**Directions for this task**
The listing below should be written out word for word, with its pictures removed.

**Material for this task**
=======

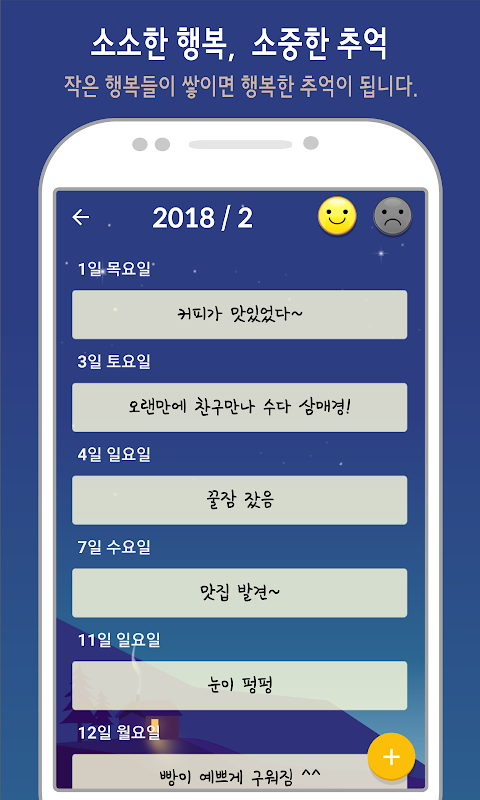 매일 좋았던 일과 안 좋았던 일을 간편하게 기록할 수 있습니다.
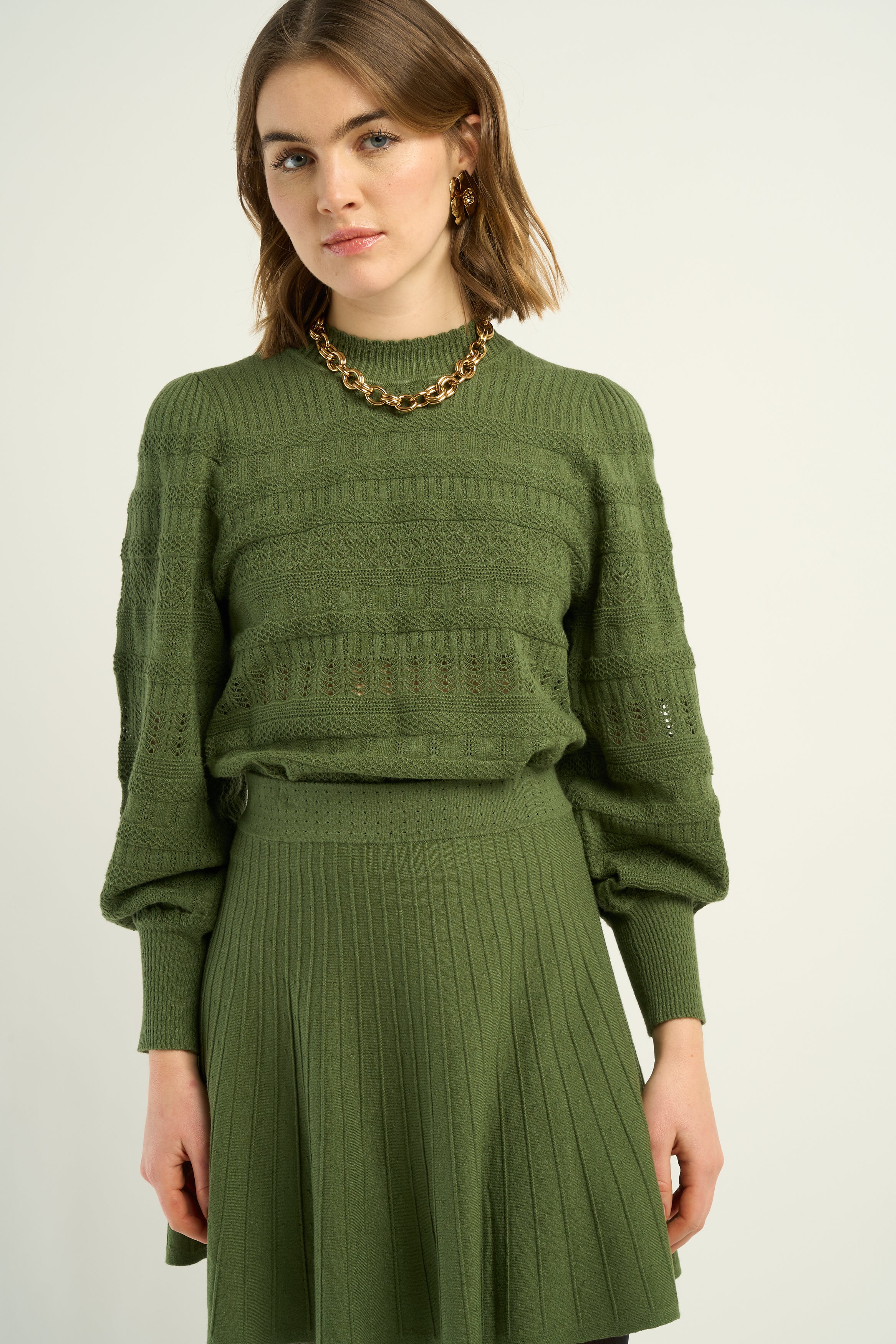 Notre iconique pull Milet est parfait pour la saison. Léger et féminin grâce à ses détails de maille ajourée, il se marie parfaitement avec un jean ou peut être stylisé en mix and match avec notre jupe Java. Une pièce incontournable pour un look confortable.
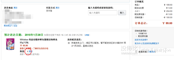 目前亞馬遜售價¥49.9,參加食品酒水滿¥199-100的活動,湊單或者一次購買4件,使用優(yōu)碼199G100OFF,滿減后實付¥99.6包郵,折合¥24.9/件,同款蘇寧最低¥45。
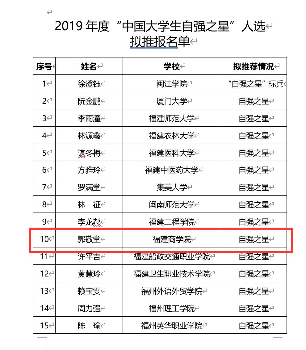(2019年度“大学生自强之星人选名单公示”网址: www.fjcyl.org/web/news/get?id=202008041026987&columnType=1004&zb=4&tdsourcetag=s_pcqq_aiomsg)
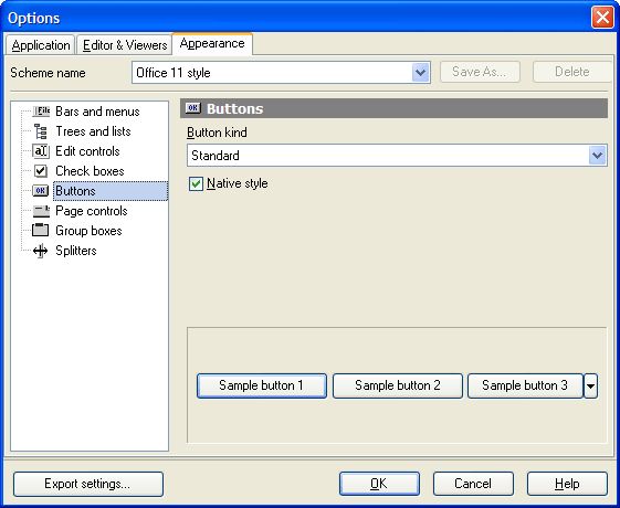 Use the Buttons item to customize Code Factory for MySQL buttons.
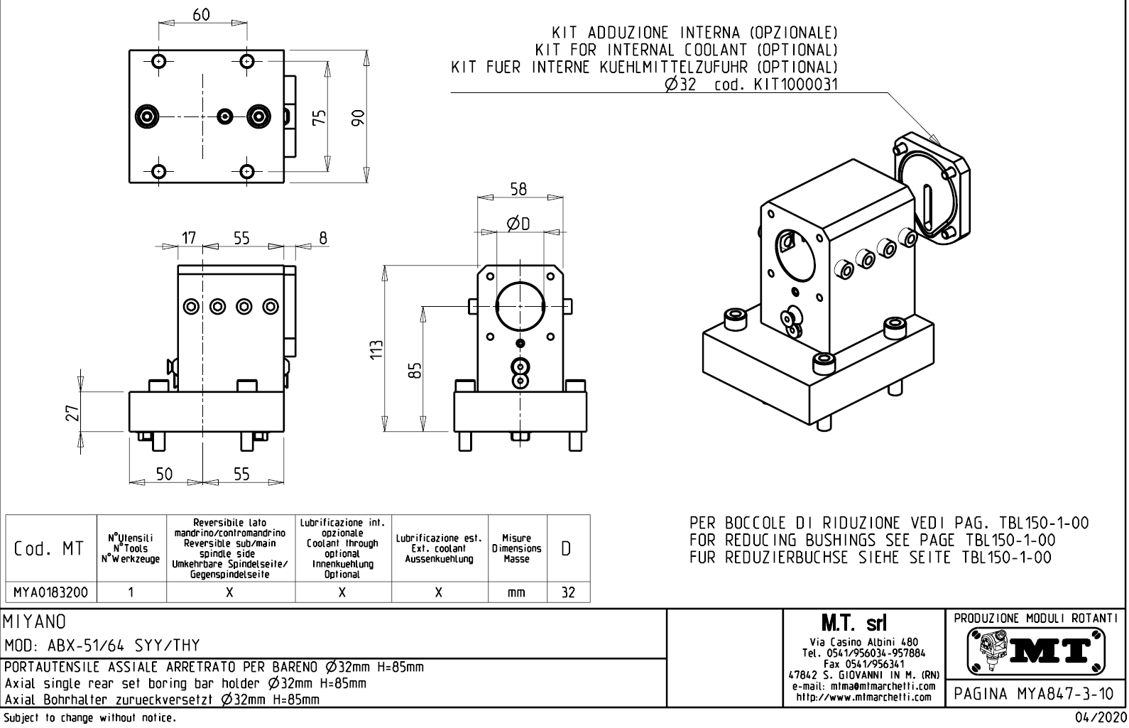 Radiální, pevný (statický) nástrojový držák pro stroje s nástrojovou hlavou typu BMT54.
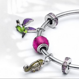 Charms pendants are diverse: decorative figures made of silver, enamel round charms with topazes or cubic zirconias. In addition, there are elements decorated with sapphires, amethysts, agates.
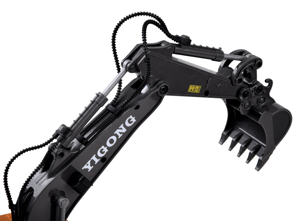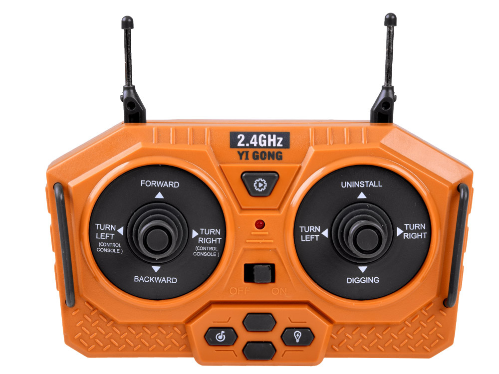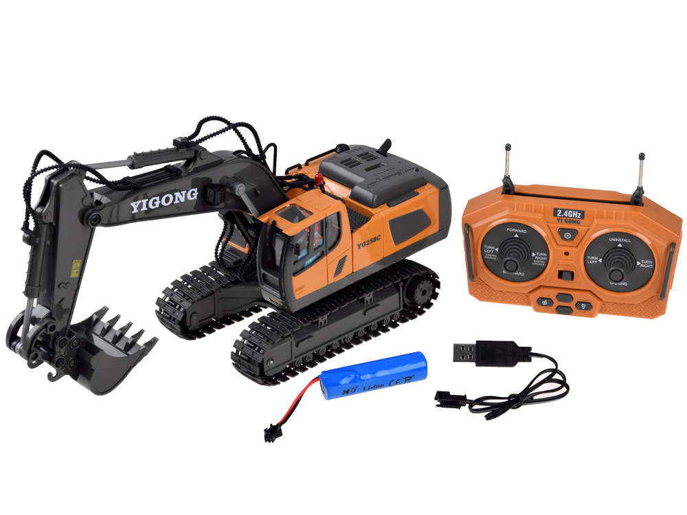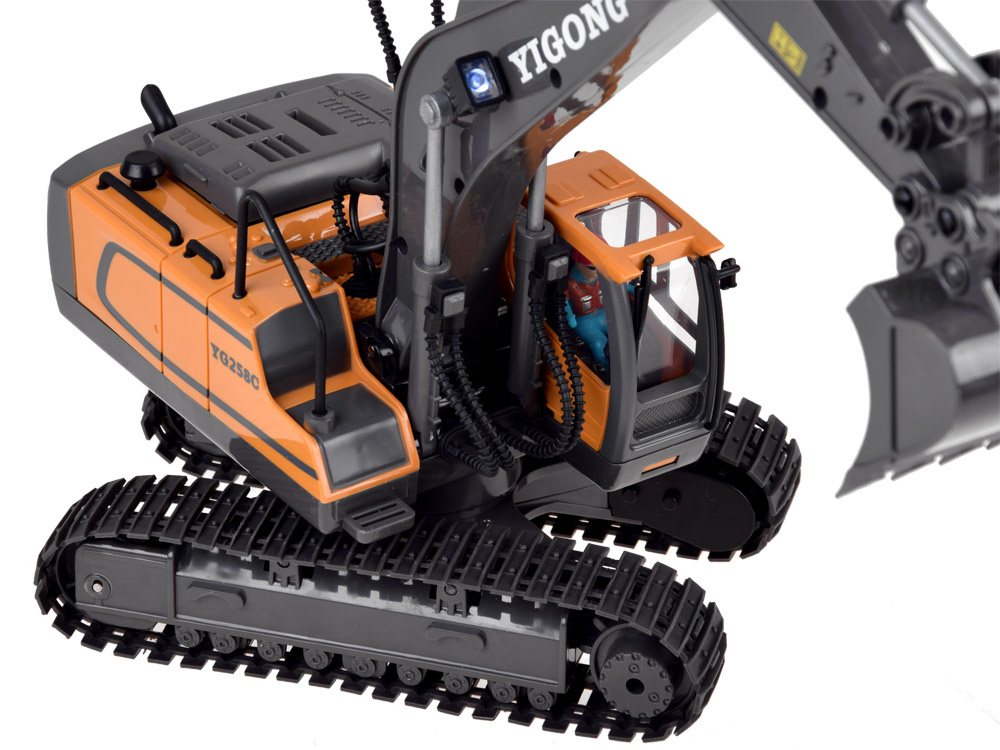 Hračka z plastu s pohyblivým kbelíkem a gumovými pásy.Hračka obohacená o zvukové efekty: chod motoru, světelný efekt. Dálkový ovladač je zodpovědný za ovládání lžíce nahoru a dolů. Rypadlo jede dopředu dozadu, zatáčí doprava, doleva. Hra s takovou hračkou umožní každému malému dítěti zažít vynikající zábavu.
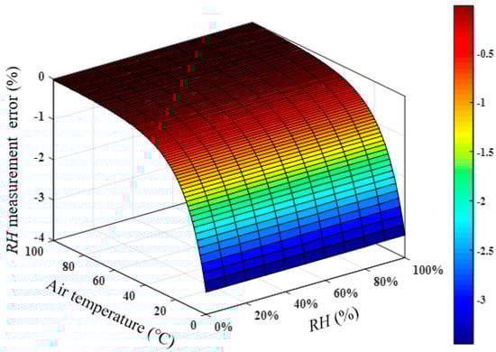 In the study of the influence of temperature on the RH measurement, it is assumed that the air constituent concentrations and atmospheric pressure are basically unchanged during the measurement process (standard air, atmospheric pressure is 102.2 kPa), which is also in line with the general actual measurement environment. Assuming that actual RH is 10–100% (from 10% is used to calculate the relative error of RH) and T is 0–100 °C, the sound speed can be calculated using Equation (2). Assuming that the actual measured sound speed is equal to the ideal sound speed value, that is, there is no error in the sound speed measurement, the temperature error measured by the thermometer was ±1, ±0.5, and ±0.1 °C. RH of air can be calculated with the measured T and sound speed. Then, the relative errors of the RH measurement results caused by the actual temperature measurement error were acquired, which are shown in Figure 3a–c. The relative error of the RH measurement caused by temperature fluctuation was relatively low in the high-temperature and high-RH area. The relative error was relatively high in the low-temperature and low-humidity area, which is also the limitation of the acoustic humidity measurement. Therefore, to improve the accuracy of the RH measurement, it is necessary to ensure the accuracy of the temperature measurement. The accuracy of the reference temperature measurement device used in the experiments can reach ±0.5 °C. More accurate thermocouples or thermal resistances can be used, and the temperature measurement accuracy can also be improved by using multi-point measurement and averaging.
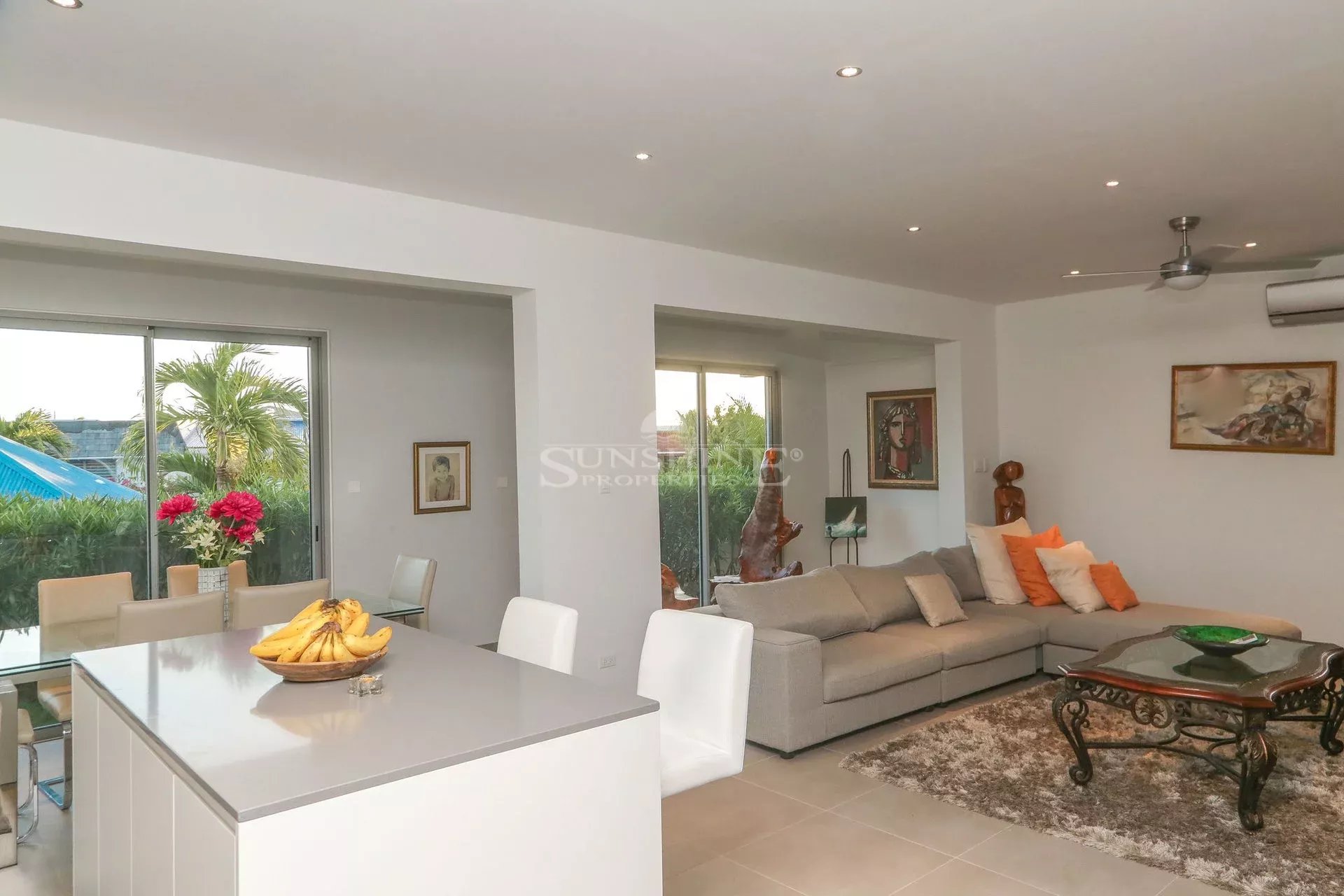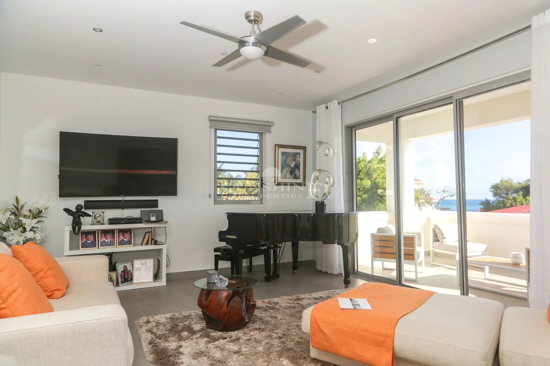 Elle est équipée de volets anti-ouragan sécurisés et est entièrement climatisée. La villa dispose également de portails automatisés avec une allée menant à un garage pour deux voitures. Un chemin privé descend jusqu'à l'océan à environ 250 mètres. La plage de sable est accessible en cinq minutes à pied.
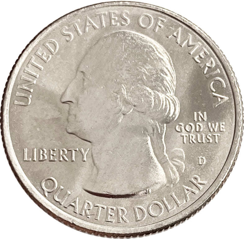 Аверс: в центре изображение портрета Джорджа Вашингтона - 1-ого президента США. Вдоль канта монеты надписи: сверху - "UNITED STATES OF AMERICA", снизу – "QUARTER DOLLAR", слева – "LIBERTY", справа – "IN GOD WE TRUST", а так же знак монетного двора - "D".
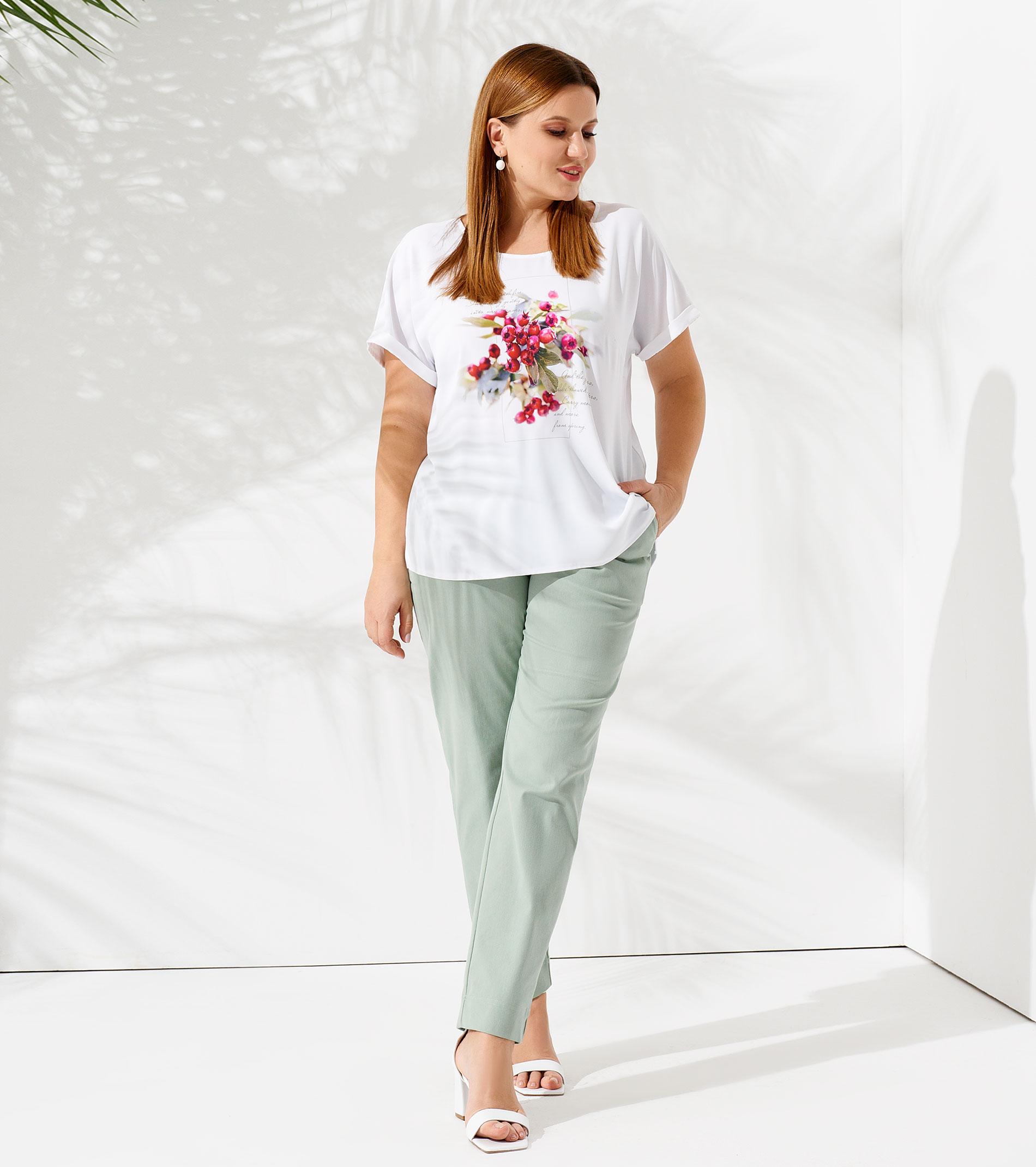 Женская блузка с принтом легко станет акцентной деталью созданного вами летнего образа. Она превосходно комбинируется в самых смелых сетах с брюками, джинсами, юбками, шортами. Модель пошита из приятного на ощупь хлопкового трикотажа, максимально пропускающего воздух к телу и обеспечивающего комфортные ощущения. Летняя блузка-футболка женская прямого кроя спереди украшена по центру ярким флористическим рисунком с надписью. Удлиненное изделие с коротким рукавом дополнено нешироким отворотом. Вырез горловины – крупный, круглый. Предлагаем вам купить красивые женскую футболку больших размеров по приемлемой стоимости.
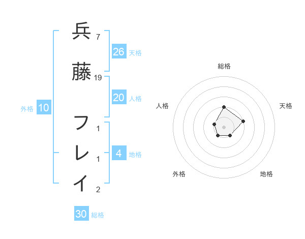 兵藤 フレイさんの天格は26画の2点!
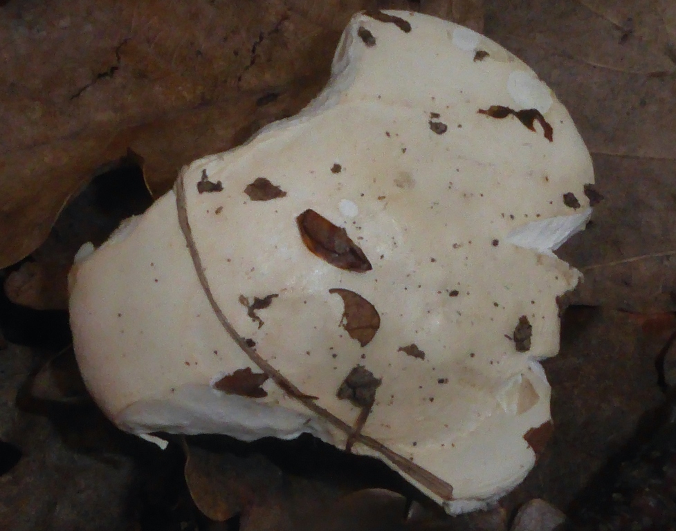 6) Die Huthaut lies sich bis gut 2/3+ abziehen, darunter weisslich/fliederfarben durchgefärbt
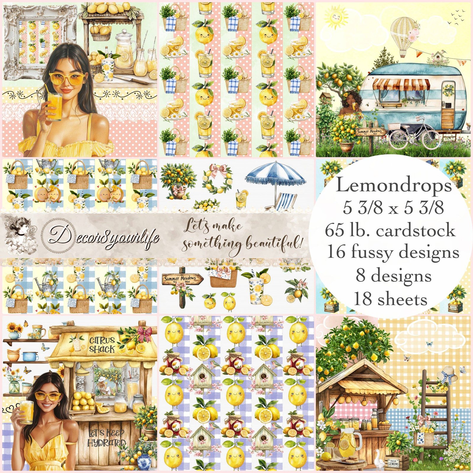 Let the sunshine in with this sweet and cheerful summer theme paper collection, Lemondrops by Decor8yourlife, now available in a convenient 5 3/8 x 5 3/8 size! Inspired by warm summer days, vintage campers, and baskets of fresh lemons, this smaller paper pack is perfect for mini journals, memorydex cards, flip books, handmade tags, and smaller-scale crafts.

=======

**Task answer**
 매일 좋았던 일과 안 좋았던 일을 간편하게 기록할 수 있습니다.
 Notre iconique pull Milet est parfait pour la saison. Léger et féminin grâce à ses détails de maille ajourée, il se marie parfaitement avec un jean ou peut être stylisé en mix and match avec notre jupe Java. Une pièce incontournable pour un look confortable.
 目前亞馬遜售價¥49.9,參加食品酒水滿¥199-100的活動,湊單或者一次購買4件,使用優(yōu)碼199G100OFF,滿減后實付¥99.6包郵,折合¥24.9/件,同款蘇寧最低¥45。
(2019年度“大学生自强之星人选名单公示”网址: www.fjcyl.org/web/news/get?id=202008041026987&columnType=1004&zb=4&tdsourcetag=s_pcqq_aiomsg)
 Use the Buttons item to customize Code Factory for MySQL buttons.
 Radiální, pevný (statický) nástrojový držák pro stroje s nástrojovou hlavou typu BMT54.
 Charms pendants are diverse: decorative figures made of silver, enamel round charms with topazes or cubic zirconias. In addition, there are elements decorated with sapphires, amethysts, agates.
 Hračka z plastu s pohyblivým kbelíkem a gumovými pásy.Hračka obohacená o zvukové efekty: chod motoru, světelný efekt. Dálkový ovladač je zodpovědný za ovládání lžíce nahoru a dolů. Rypadlo jede dopředu dozadu, zatáčí doprava, doleva. Hra s takovou hračkou umožní každému malému dítěti zažít vynikající zábavu.
 In the study of the influence of temperature on the RH measurement, it is assumed that the air constituent concentrations and atmospheric pressure are basically unchanged during the measurement process (standard air, atmospheric pressure is 102.2 kPa), which is also in line with the general actual measurement environment. Assuming that actual RH is 10–100% (from 10% is used to calculate the relative error of RH) and T is 0–100 °C, the sound speed can be calculated using Equation (2). Assuming that the actual measured sound speed is equal to the ideal sound speed value, that is, there is no error in the sound speed measurement, the temperature error measured by the thermometer was ±1, ±0.5, and ±0.1 °C. RH of air can be calculated with the measured T and sound speed. Then, the relative errors of the RH measurement results caused by the actual temperature measurement error were acquired, which are shown in Figure 3a–c. The relative error of the RH measurement caused by temperature fluctuation was relatively low in the high-temperature and high-RH area. The relative error was relatively high in the low-temperature and low-humidity area, which is also the limitation of the acoustic humidity measurement. Therefore, to improve the accuracy of the RH measurement, it is necessary to ensure the accuracy of the temperature measurement. The accuracy of the reference temperature measurement device used in the experiments can reach ±0.5 °C. More accurate thermocouples or thermal resistances can be used, and the temperature measurement accuracy can also be improved by using multi-point measurement and averaging.
 Elle est équipée de volets anti-ouragan sécurisés et est entièrement climatisée. La villa dispose également de portails automatisés avec une allée menant à un garage pour deux voitures. Un chemin privé descend jusqu'à l'océan à environ 250 mètres. La plage de sable est accessible en cinq minutes à pied.
 Аверс: в центре изображение портрета Джорджа Вашингтона - 1-ого президента США. Вдоль канта монеты надписи: сверху - "UNITED STATES OF AMERICA", снизу – "QUARTER DOLLAR", слева – "LIBERTY", справа – "IN GOD WE TRUST", а так же знак монетного двора - "D".
 Женская блузка с принтом легко станет акцентной деталью созданного вами летнего образа. Она превосходно комбинируется в самых смелых сетах с брюками, джинсами, юбками, шортами. Модель пошита из приятного на ощупь хлопкового трикотажа, максимально пропускающего воздух к телу и обеспечивающего комфортные ощущения. Летняя блузка-футболка женская прямого кроя спереди украшена по центру ярким флористическим рисунком с надписью. Удлиненное изделие с коротким рукавом дополнено нешироким отворотом. Вырез горловины – крупный, круглый. Предлагаем вам купить красивые женскую футболку больших размеров по приемлемой стоимости.
 兵藤 フレイさんの天格は26画の2点!
 6) Die Huthaut lies sich bis gut 2/3+ abziehen, darunter weisslich/fliederfarben durchgefärbt
 Let the sunshine in with this sweet and cheerful summer theme paper collection, Lemondrops by Decor8yourlife, now available in a convenient 5 3/8 x 5 3/8 size! Inspired by warm summer days, vintage campers, and baskets of fresh lemons, this smaller paper pack is perfect for mini journals, memorydex cards, flip books, handmade tags, and smaller-scale crafts.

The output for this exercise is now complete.